The purpose of Parallax Sounds is not to recreate the local music scene of the 1990s as if one were there. Contento was a big fan of Chicago post-rock, which he heard as a young man in Italy. He's recreated that experience--listening to the music from afar and imaging the city that produced it. No peripheral figures appear in the film: no journalists who covered the scene, no one from Thrill Jockey Records, no fans. Despite its bustling air, the film has a solitary feel to it.
If Contento is uninterested in creating a conventional documentary, he really captured visual experience of the city, particularly the downtown area and lake front. The movie begins in deep winter--the frozen lake shore is chilling, literally--and ends in high summer when the city really opens up.

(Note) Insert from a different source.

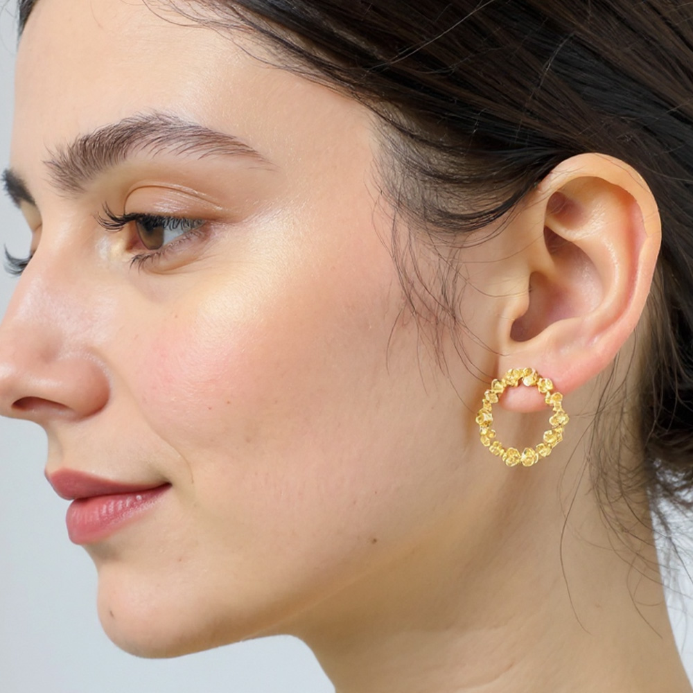 • Chic floral hoop earrings featuring delicate textured petals linked in a continuous circle. Lightweight yet eye-catching, these earrings bring a feminine and stylish charm to casual, office, or evening wear, making them a versatile jewelry staple for any wardrobe.

Contento seems to thaw himself. His Strade d'Acqua (Roads of Water, 2009) consisted almost entirely in long tracking shots, mostly of a boat traveling on the Amazon River. In Parallax Sounds he uses the same basic technique--he must have bought a monthly pass to the Chicago Water Taxi--but with greater attention to composing within the frame. At times he approaches the abstractions of Ruttmann and Alberto Cavalcanti in Rien que les heures (1926), but warmer than the former and less playful than the latter.
If you're looking for a film that captures the post-rock scene of the 1990s as it once happened, then you'll be disappointed. Instead, Parallax Sounds traces the music's coming into being, its origins in the city itself. The film is a way of listening.
Parallax Sounds did a great job. Nice job!